5. CTE für DML · Aktualisieren/Löschen mit definierter Teilmenge
📌 Zweck: Eine CTE kann das Ziel einer UPDATE-, INSERT- oder DELETE-Anweisung sein, um gezielt bestimmte Datensätze zu ändern (z.B. doppelte Datensätze entfernen).
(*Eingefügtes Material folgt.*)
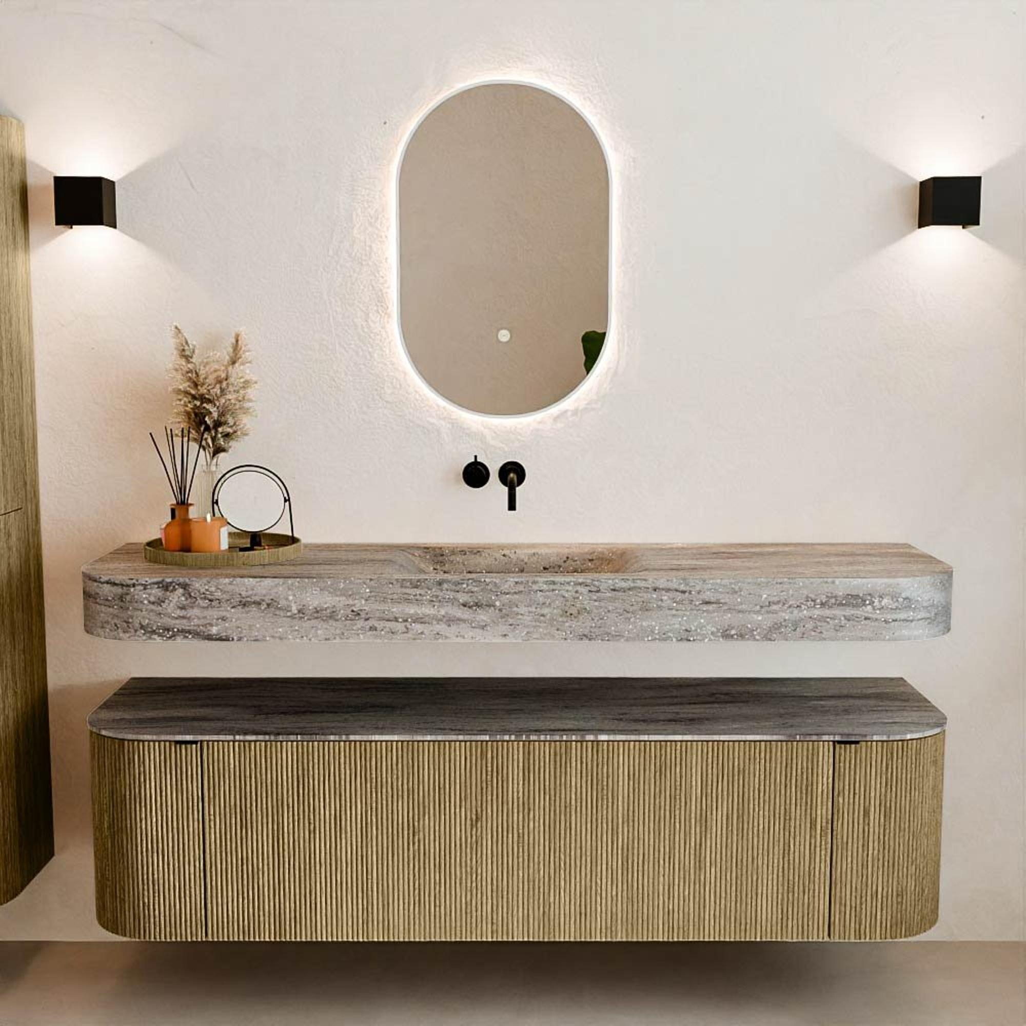 Natuurlijke materialen in warme tinten. De verticale ribbels brengen ritme en textuur in het ontwerp, terwijl het eikenhout zorgt voor een warme, ambachtelijke uitstraling. Kies uit 5 houttinten OAK, WALNUT, DUSK, SHADOW en RUBY zorgvuldig geselecteerde houtkleuren om zowel moderne als klassieke badkamers te verrijken.

-- Beispiel 1: Duplikate in einer Tabelle löschen (basierend auf ROW_NUMBER)
WITH DuplicateCheck AS (
SELECT
*,
ROW_NUMBER() OVER (PARTITION BY Email, CustomerName ORDER BY CreatedDate DESC) AS rn
FROM Sales.Customers
)
DELETE FROM DuplicateCheck WHERE rn > 1;
-- Beispiel 2: Preisaktualisierung für die teuersten 10% der Produkte
WITH TopProducts AS (
SELECT TOP 10 PERCENT ProductID, UnitPrice
FROM Production.Products
ORDER BY UnitPrice DESC
)
UPDATE TopProducts
SET UnitPrice = UnitPrice * 1.05; -- 5% Preiserhöhung für Luxusartikel
-- Beispiel 3: Daten archivieren und löschen (mit CTE umgesetzt)
WITH OldOrders AS (
SELECT OrderID, OrderDate
FROM Sales.Orders
WHERE OrderDate < DATEADD(YEAR, -3, GETDATE())
)
DELETE FROM OldOrders;
⚡ Erklärung: In T-SQL können CTEs direkt als Zieltabelle für UPDATE, DELETE (und INSERT mit OUTPUT) verwendet werden. Die erste Abfrage löscht alle Datensätze mit rn>1 – entfernt Duplikate effizient. Die zweite erhöht den Preis der teuersten 10% Produkte. Wichtig: Die CTE muss aktualisierbar sein (keine Aggregation, kein DISTINCT, etc.).
🧠 CTE Grundsyntax (T-SQL)
WITH cte_name (column_list) AS (
-- CTE query definition
SELECT ...
)
-- Hauptabfrage (SELECT, INSERT, UPDATE, DELETE)
SELECT * FROM cte_name;
✅ T-SQL Besonderheiten: Rekursion mit UNION ALL, optional OPTION (MAXRECURSION n); CTEs können geschachtelt werden; nach einer CTE nur eine einzige Data Manipulation Language (DML)-Anweisung erlaubt. Performance: häufig optimiert der Optimizer CTEs wie Subqueries, keine automatische Temp-Tabelle – für große Datenmengen ggf. #temp-Tabelle in Erwägung ziehen.